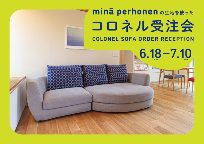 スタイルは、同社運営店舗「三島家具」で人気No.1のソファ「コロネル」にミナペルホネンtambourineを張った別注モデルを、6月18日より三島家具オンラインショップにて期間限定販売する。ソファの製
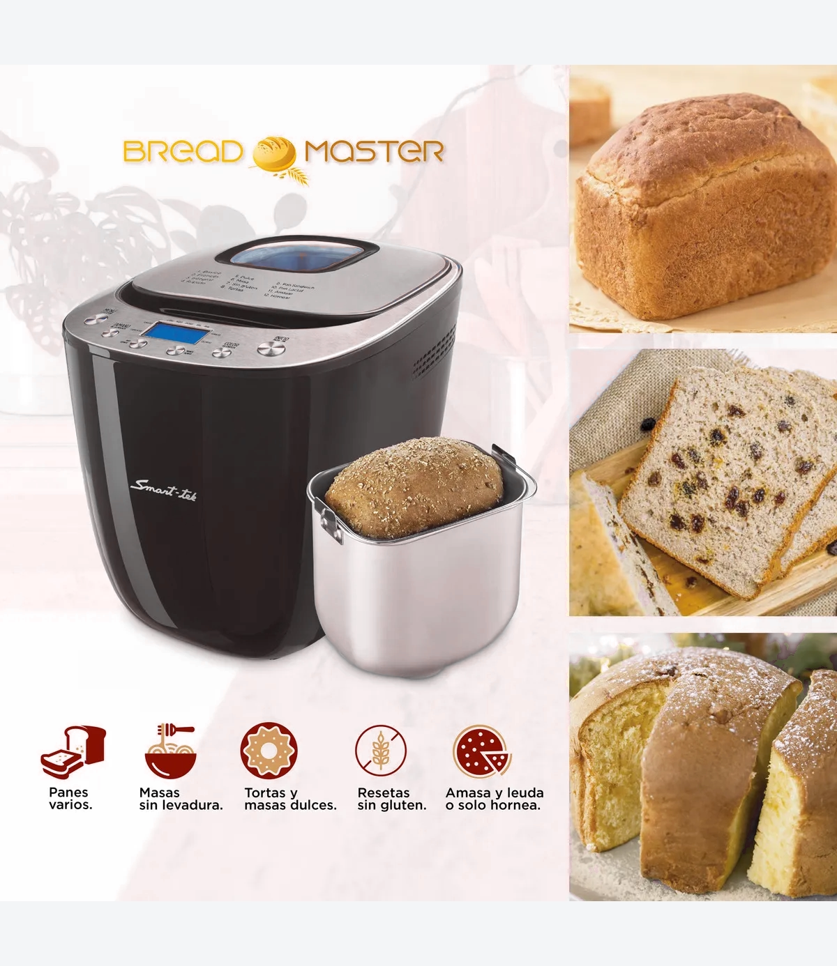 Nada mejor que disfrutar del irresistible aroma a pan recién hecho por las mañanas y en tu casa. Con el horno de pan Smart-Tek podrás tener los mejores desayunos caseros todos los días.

* * *

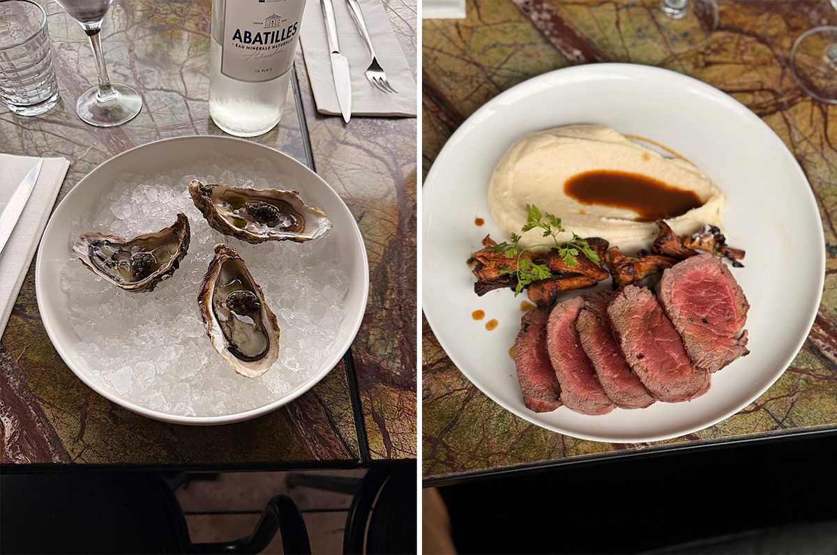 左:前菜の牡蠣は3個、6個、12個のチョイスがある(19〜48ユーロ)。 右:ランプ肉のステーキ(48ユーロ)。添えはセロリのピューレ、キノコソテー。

▸ WHAT TO PRODUCE
Of the records above, print only the lines from the one containing "スタイルは、同社運営店舗「三" through the one containing "Nada mejor que", inclusive and unaltered, leaving out pictures.

▸ SOLVED PROBLEM
 スタイルは、同社運営店舗「三島家具」で人気No.1のソファ「コロネル」にミナペルホネンtambourineを張った別注モデルを、6月18日より三島家具オンラインショップにて期間限定販売する。ソファの製
 Nada mejor que disfrutar del irresistible aroma a pan recién hecho por las mañanas y en tu casa. Con el horno de pan Smart-Tek podrás tener los mejores desayunos caseros todos los días.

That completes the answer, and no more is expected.